Territory opens Temporary Foreign Worker Program

The education department, which handles immigration in the territory, announced that Citizenship and Immigration Canada has approved the TFWP for Yukon employers this morning at a press conference.

Yukon employers may now recruit migrant workers through the Temporary Foreign Worker Program.

The education department, which handles immigration in the territory, announced that Citizenship and Immigration Canada has approved the TFWP for Yukon employers this morning at a press conference.

The main industries that might need seasonal, temporary workers are the tourism and mining industry, Minister of Education Scott Kent said.

The program was “three years in the making,” after consultations with business owners, said immigration manager Marius Curteanu. Asked who exactly wanted the TFWP, considering the Alexco mine has recently complained about the cost of flying employees into the territory, Curteanu did not name any specific employers. “We just administered the program, it’s an employer-driven program,” he said.

Unlike many other provincial jurisdictions, employers in the Yukon do not have to apply for a Labour Market Opinion, which demonstrates a lack of local workers in the industry a migrant worker will be recruited to. Instead, employers will be able to expedite the process.

However, local workers will be given the first chance at the jobs by requiring employers advertise available jobs for four weeks before resorting to the TFWP.

Any exploitation of the migrant workers will be prevented by working “closely” with the Yukon Workers’ Compensation Health and Safety Board, a press release form the education department states. It’s also “unique,” in that other jurisdictions do not have such a relationship with workers’ compensation boards, it adds.

Workplaces would be inspected before the migrant workers arrive, ensuring labour standards are being met, said Kurt Dieckmann, director of occupational health and safety.

Critics argue that workers are afraid to complain about safety conditions or labour standards because of their temporary status in Canada. Asked if the board would go into workplaces regularly or only when a worker complains, Dieckmann said they will only go “when notified.”

“Whether they’re a temporary foreign worker it does not really matter, the safety of all workers concerns us. What this (partnership) does is it provides us the opportunity to know where the temporary foreign workers are coming in,” he said.

The pilot project will be examined for a year with the possibility of an extension.

The announcement comes after media covered an RBC scandal in April that revealed around 45 Canadians were replaced by migrant workers through the TFWP to cut costs.

In the wake of the scandal, CIC announced that companies can no longer pay workers less than the wages paid to Canadians.
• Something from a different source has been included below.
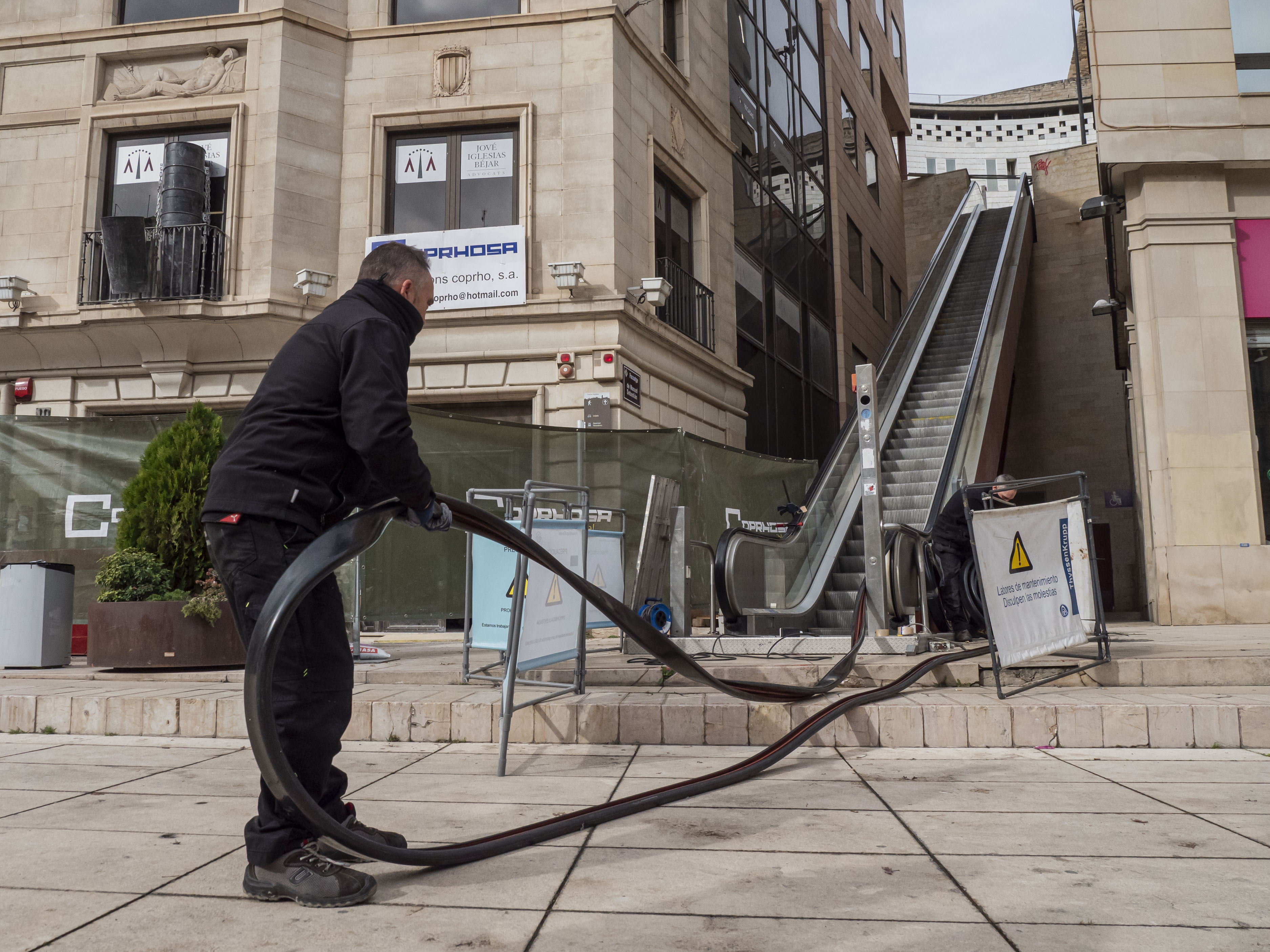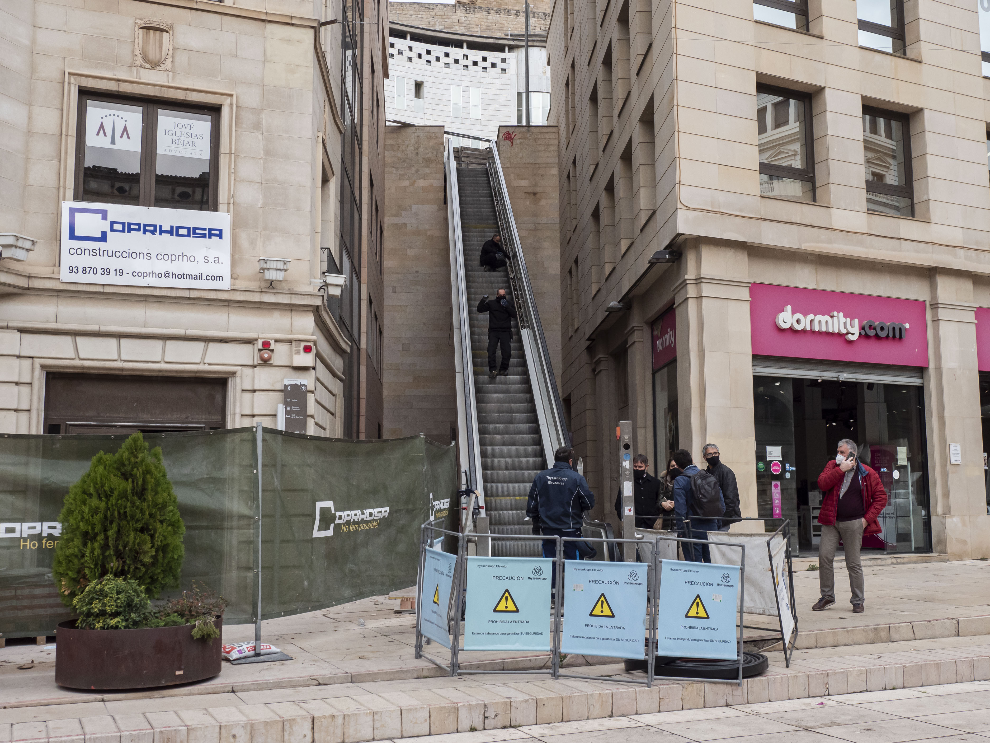 El paer en cap, Miquel Pueyo, i el primer tinent d’alcalde, Toni Postius, han visitat les obres de renovació de les escales mecàniques de la plaça Sant Joan que estaran enllestides abans de Nadal.

The TFWP is also known for the abuse it allows in other parts of the country. One infamous case is of 77 Filipino restaurant workers at various Denny’s franchises in Vancouver who filed a class action suit for not being paid over-time, not receiving the promised hours in their contracts, and having to pay around $6,000 each to a recruitment agency and their own airfare, which should be covered by the employer. Denny’s settled the case for $1.3 million with the workers in March.